In celebration of the 2 month anniversary of my armpit hair. In celebration of my first bra in three years. In celebration of FlowersOfChange. In celebration of freedom and all things blooming. @ambertheactivist has asked what my body hair would say if it could talk, and this is what my hairy pits would say;
Thank you for seeing me. Thank you for giving me the freedom to bloom. Thank you for loving me as I am.
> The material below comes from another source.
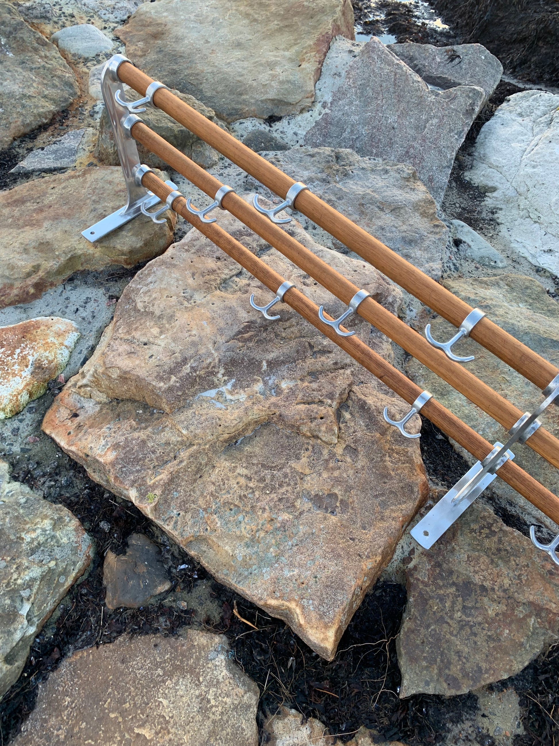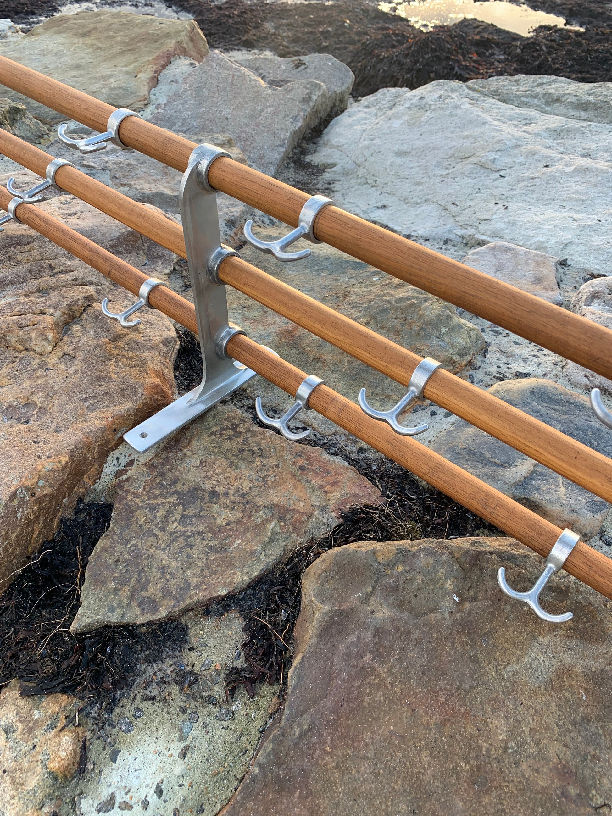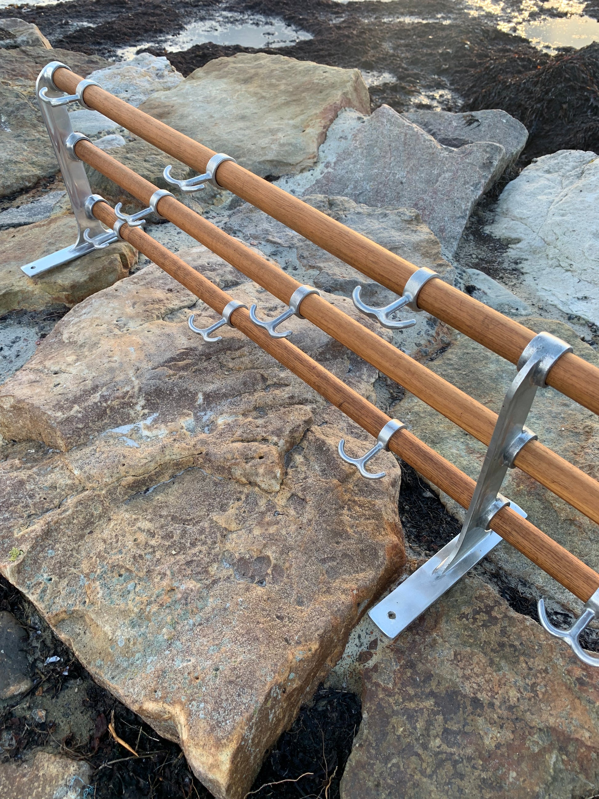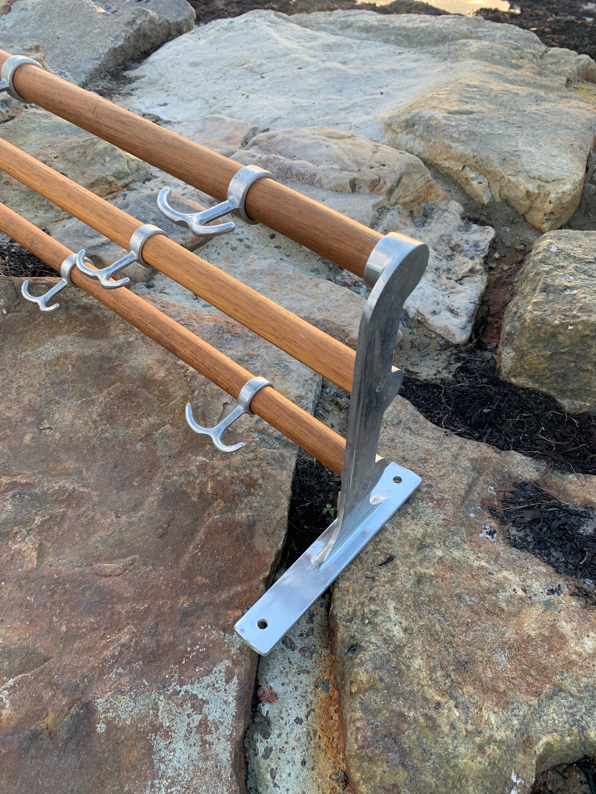 Vacker svensk hatthylla i god design av Gunnar Bolin. Tidens tand har tagit ut sin rätt, så den framstår med åldersrelaterade tecken på slitage, vilket bara tyder på att någon förmodligen har varit nöjd med den.

Growing out my body hair gives me such a feeling of freedom. See I'm a dark haired, light skinned woman, even when I tried to keep up the illusion of a hairless body, stubble always gave me away, like a little kid hiding under her invisibility cloak. Also, I'm a grown ass woman and I've grown weary of the idea of making my body look prepubescent so as to be deemed attractive or acceptable. But most of all, I'm done hating my body and the magic with which it was made. Even weeds are gorgeous flowers seen through the right eyes. #freespirit #effyourbeautystandards #bodypositive #bodyhair #hairyarmpits#natural #flowers #infullbloom #blooming #rebelle #girlswithtattoos #lotus #loveyourself #selflove #allbodiesarebeautiful #selfacceptance #inspiration #femaleempowerment #feminism #wildwoman #selfie #workofart #radicalselflove
There was no caption with Baddie's post but I love her and her tagline - 'stealing your man since 1928'.